604 4th Street • Catasauqua, PA 18032
Office: 610-264-2641
Hours: 9am – 2pm M-Th
Sunday Services
8:00 am Communion Worship- soloist
10:30am Communion Worship- full organ
9:00am Sunday School (4th Sunday of every month) No summer classes

Grace and peace to you from our Lord and Savior, Jesus the Christ. Amen.
As I walk the sidewalks of different towns, I appear to have different names. I’m sure many of us do. On my home sidewalk, my name is husband or Padre. On the sidewalks around the sport fields in my home town, my name is RevDog. On the East Stroudsburg University sidewalks, my name is Macho. And on the Catasauqua sidewalks, my name is Pastor Brian. So, am I like one with multiple personality disorder? No.

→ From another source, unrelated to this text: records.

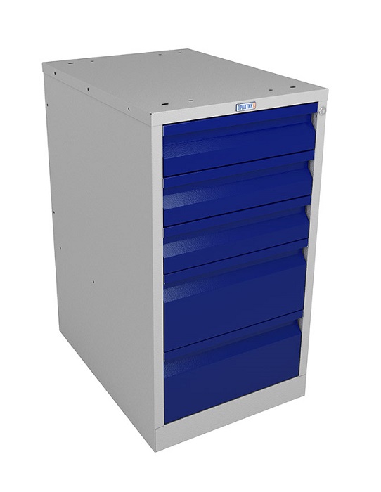 Тумба Profi WD-5 предназначена для хранения вещей, инструментов и оснастки в производственных помещениях, гаражах, мастерских. Изготовлена из высококачественного металла. Комплектуется пятью выдвижными ящиками с телескопическими направляющими. Полезные размеры ящиков (ВхШхГ): 3 ящика - 100х380х600 мм, 2 ящика - 190х380х600 мм. Грузоподъемность каждого ящика 30 кг. Ящики открываются на все длину, что позволяет использовать 100 % пространства. Тумба Profi WD-5 закрывается центральным ключевым замком Практик (1000 комбинаций). Цвет: корпус - серый Ral 7038, ящики - синий Ral 5002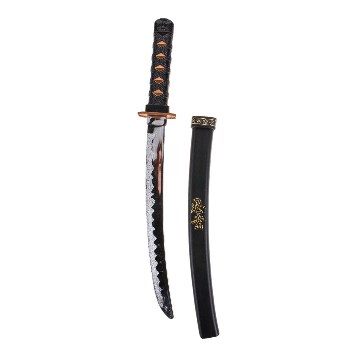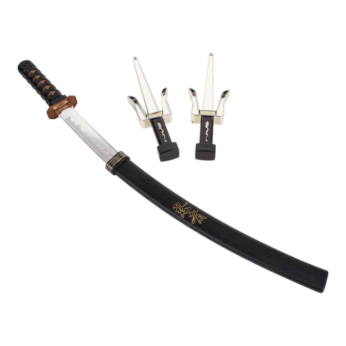 - Катана с ножнами – изогнутый меч с волнистой серебристой кромкой клинка и удобной чёрной рукоятью. Ножны с золотистыми символами позволяют безопасно носить оружие за спиной.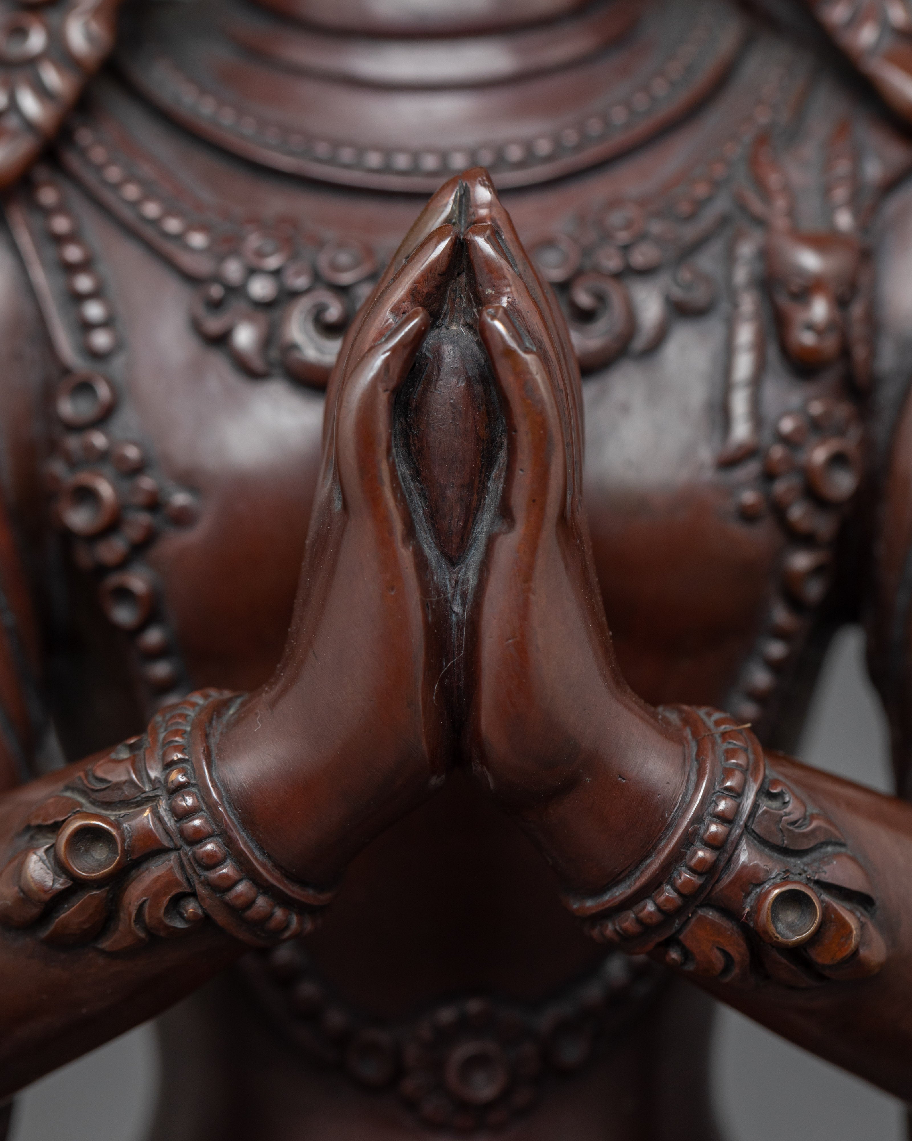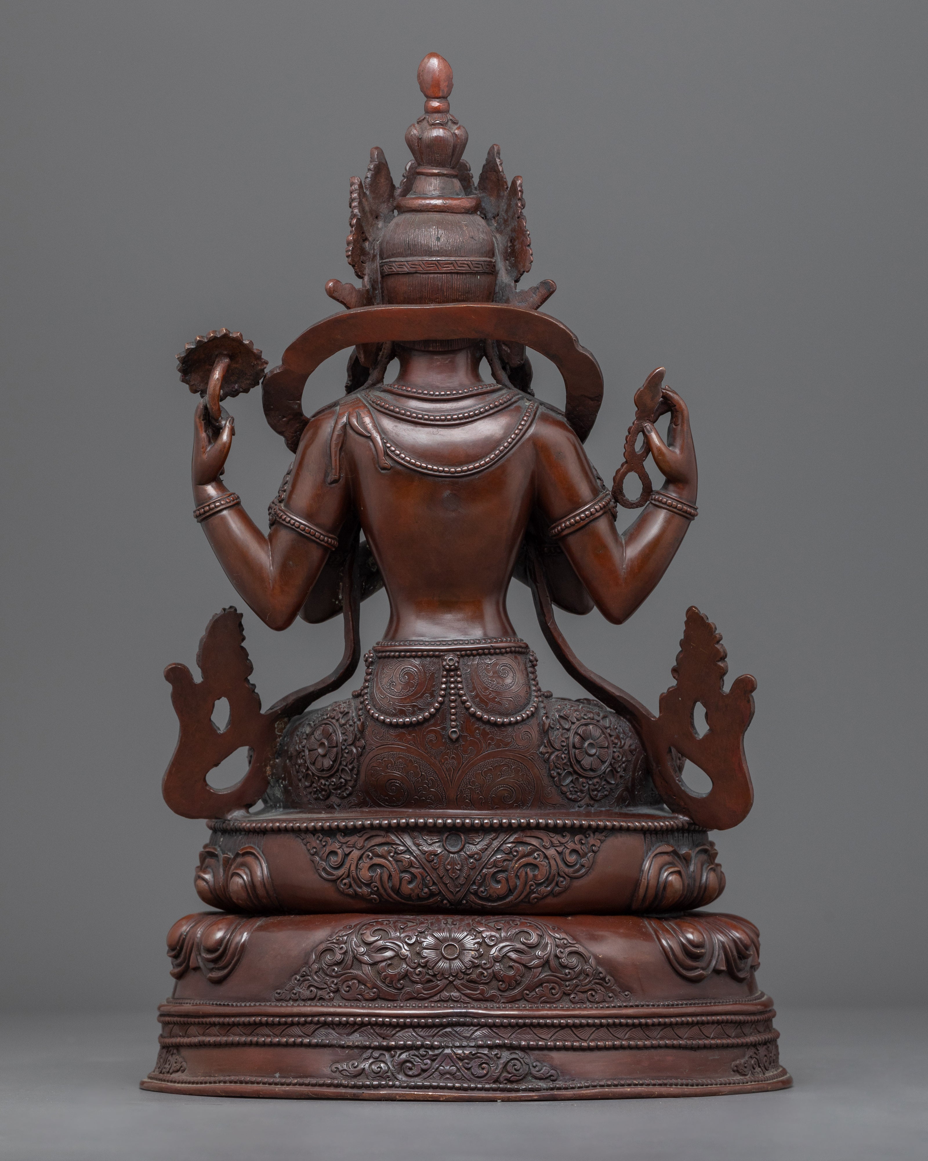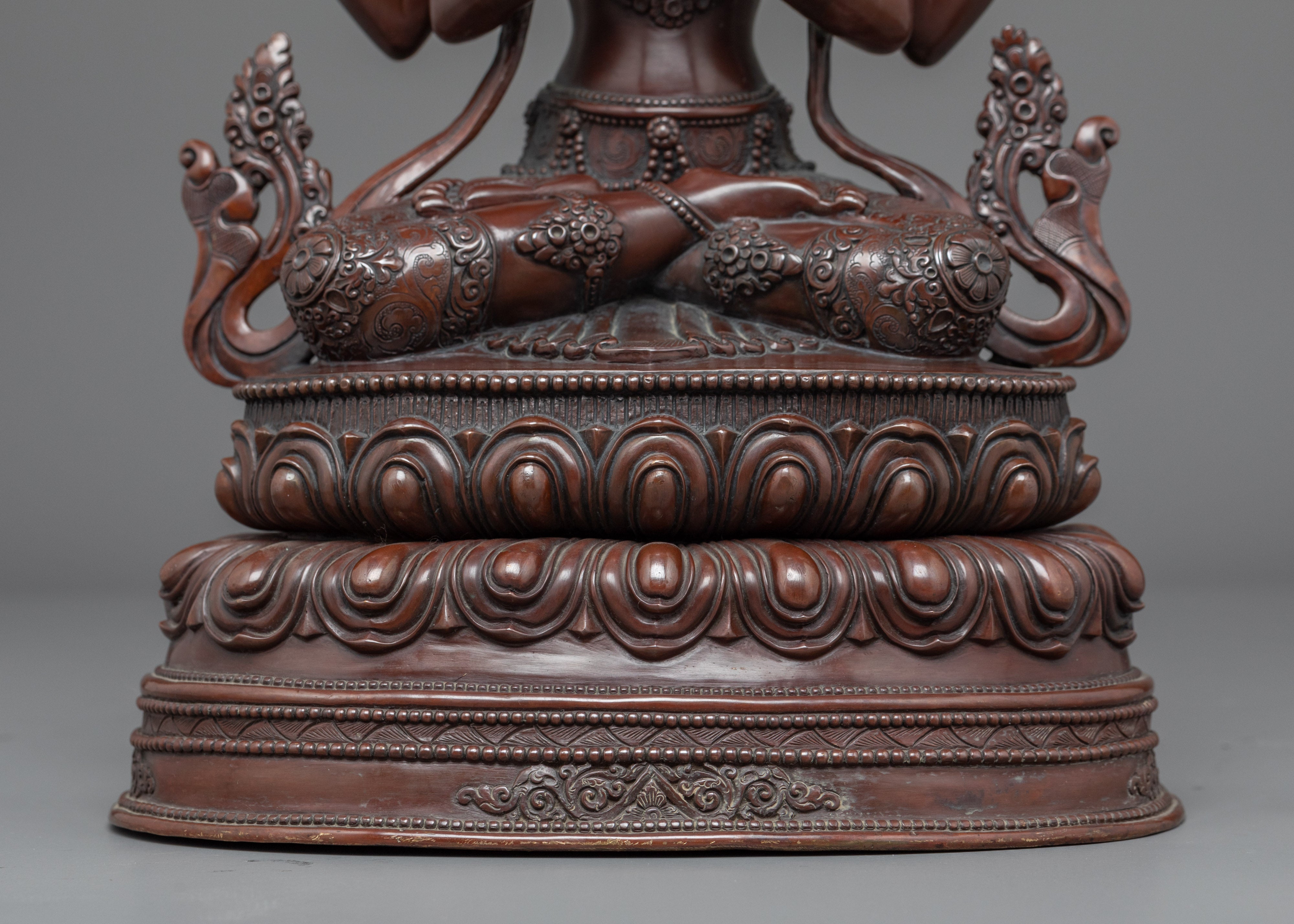Handcrafted with traditional Himalayan patterns, the Bodhisattva Avalokitesvara Statue is an exquisite piece of art native to the Himalayan Buddhist artistry. It is made out of oxidized copper with intricate carvings and motifs. The Bodhisattva is depicted with four arms in the statue, here the first pair of arms portray the 'Anjali mudra' representing praying and adoration, while the second pair holds rosary beads and a full bloomed lotus on right and left respectively. A khata is worn over the Bodhisattva's body along with other body ornaments as he sits atop the moon disc lotus with a tranquil expression.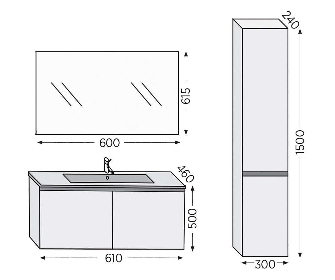 Σετ επίπλου μπάνιου Royal Bath Madrid/60 Grey με καθρέφτη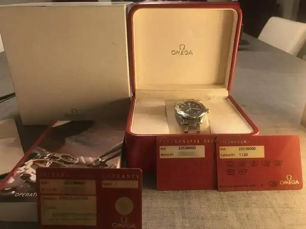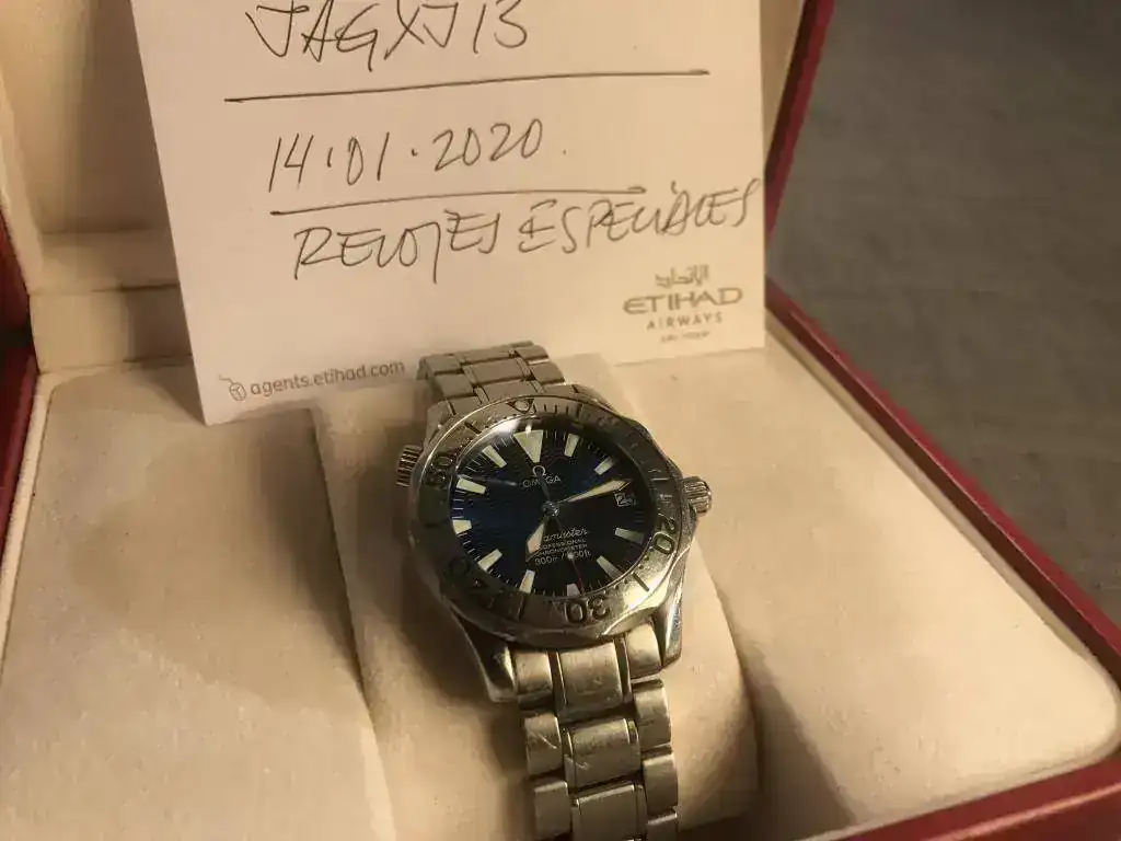 Pongo a la venta este Seamaster 2253. El reloj tiene uso y presenta marcas, pero nunca ha sido pulido. Comprado en ECI y con un único dueño. No hay marcas en el zafiro y la dotación está completa a excepción de los eslabones sobrantes que no han aparecido. La caja roja presenta desperfectos en la piel.

At this moment, I want you to think about Simon Peter. Think about his story, his name: Simon- brother of Andrew, Cephas- disciple of Jesus, Rock- one in the body of Christ. Now, think about his personalities: fisherman, disciple, denier. Okay, do you have a couple of images or ideas in your heads? Hold onto those for a moment.
On Tuesday during my morning devotions when I viewed The Center of Action and Contemplation, I came across a few words from religious historian Diana Butler Bass. Her words:
“Right now, we think it is hard to look at the world. It is difficult to watch the news, open social media, read a newspaper. All that division and anger and confusion and suffering and fear and pain. Authoritarianism, injustice, mass murder, starvation, war, (I add senseless killings), genocide…every single day I fear what I may see. But, if being a follower of Christ invites us to be Christ’s hands and feet, are we not also Christ’s eyes?
What does God see when God looks at the world?” (taken January 7, 2026 from the CAC’s daily meditations section of Website: cac.org. Good News For A Fractured World- Revelation Calls us to Act. Feast of the Epiphany. January 6, 2026)
In our reading today we hear about the world eyes verses Christ’s eyes. Simon, whose Hebrew name’s root means- bend like a reed to hear, is identified as the one who is easily persuaded by the speech of others. He listens and bends like a reed. Andrew says- Come Simon we’ve found the Messiah. So, in Peter fashion he says- oh, ok, fantastic!
Enter Jesus into Simon’s life. Jesus says to Simon: Simon, Son of John, I see you and I call you Peter. In other words, Yeshua, the deliverer, says to Shim-aye-on, the listener, I give to you a new identity- Cephas, which is how you say Peter in Greek. I call you Cephas meaning- The Rock. You are stable, unmoveable, unbending. So, there is Simon Peter, a 20 or 30ish year old man who has been given two distinct identities. Is he both of these identities or did someone get it wrong?
Let me suggest that, with Simon Peter, with me, and with all of you, no one got it wrong. We are all of those identities. The question is: in what do we want to find our identity?
Forty years after I had Mrs. Bradley as my ninth grade teacher for the class Typing & Personal Notetaking, she showed up at Holy Trinity to talk with the Morning Glories about Cops and Kids, a non-profit agency. When she saw me that day, she asked me what happened to the quiet, shy Brian from so many years prior. I assured her I was still here. I just listen to a different voice today and I see with different eyes. I’m just choosing to live as the person Christ has claimed me to be. I’m trying to live as I believe God sees me.
As Diana Butler Bass reminds us,
“Certainly, God sees sin, sorrow, the shame, the pity, the terror, and the sheer horror of it all. The pathos of the world…God sees beyond…God beholds the world as it really is, a beloved community, a feast of abundance, a sparkling in the light and glory of love.” (ibid)
Today, Christ is meeting us at the water’s edge once again. We are being offered food and drink so to remember that God sees us and identifies us as one in body with Christ. We lack nothing. We are perfect. Our identities tied to this false view of this world will leave us hoping for something new; will leave us bending like a reed toward any false promise, will have us listening to idle chat. But, our identity given to us in Christ will bring about a solid story to share where peace, joy, hope, and love are the message.
Today, we are invited to come and see- we have an identity in Christ. Come and taste- Christ is giving us nourishment so to share our story.
Let us pray. Lord Christ, our rescuer our deliverer our Savior, in you we have been gifted a remembrance of our identity. Help us to be able to not only see that identity in ourselves but to share our story so others see that identity in themselves. We are many things to many people, but in you, we become a beacon of light, a strong steady rock anchored in a solid ground which can point the way to life, point the way to love. Please give us the courage and the words so to proudly yet humbly tell the story of being a child of God. To you, the author and giver of life, we give the glory for the story. Amen.